**What needs to be done:**
Take from the entries below the stretch from the line with "Pour des nuits" through the line with "Çanakkale'nin Eceabat ilçesinde", and return it exactly, leaving the pictures out.

---------- Data records ----------

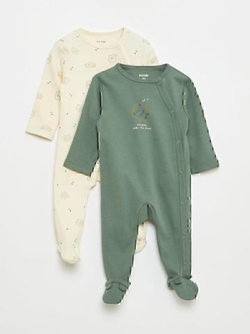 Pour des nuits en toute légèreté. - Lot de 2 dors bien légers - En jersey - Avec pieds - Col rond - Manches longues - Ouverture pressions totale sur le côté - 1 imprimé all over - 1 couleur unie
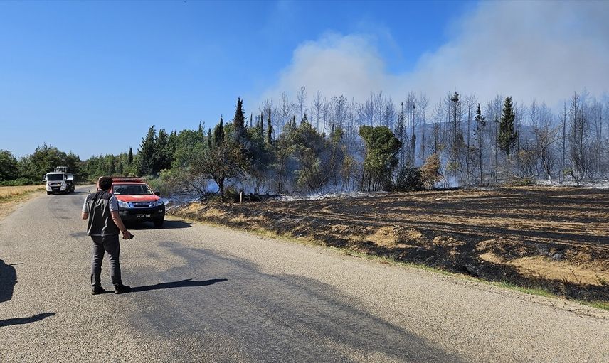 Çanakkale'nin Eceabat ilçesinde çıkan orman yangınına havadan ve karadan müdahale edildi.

----------
---------- Data records ----------

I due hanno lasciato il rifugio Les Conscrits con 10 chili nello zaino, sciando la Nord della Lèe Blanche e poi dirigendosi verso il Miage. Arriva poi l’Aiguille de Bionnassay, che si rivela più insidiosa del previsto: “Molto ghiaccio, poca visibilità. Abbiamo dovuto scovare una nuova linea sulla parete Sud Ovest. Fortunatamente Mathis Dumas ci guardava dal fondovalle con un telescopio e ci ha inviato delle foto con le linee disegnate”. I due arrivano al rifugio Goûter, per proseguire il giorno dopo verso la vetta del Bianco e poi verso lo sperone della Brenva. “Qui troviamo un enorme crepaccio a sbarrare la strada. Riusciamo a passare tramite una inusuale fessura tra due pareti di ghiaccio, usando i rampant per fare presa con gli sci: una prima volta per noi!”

----------

**Response to the task:**
 Pour des nuits en toute légèreté. - Lot de 2 dors bien légers - En jersey - Avec pieds - Col rond - Manches longues - Ouverture pressions totale sur le côté - 1 imprimé all over - 1 couleur unie
 Çanakkale'nin Eceabat ilçesinde çıkan orman yangınına havadan ve karadan müdahale edildi.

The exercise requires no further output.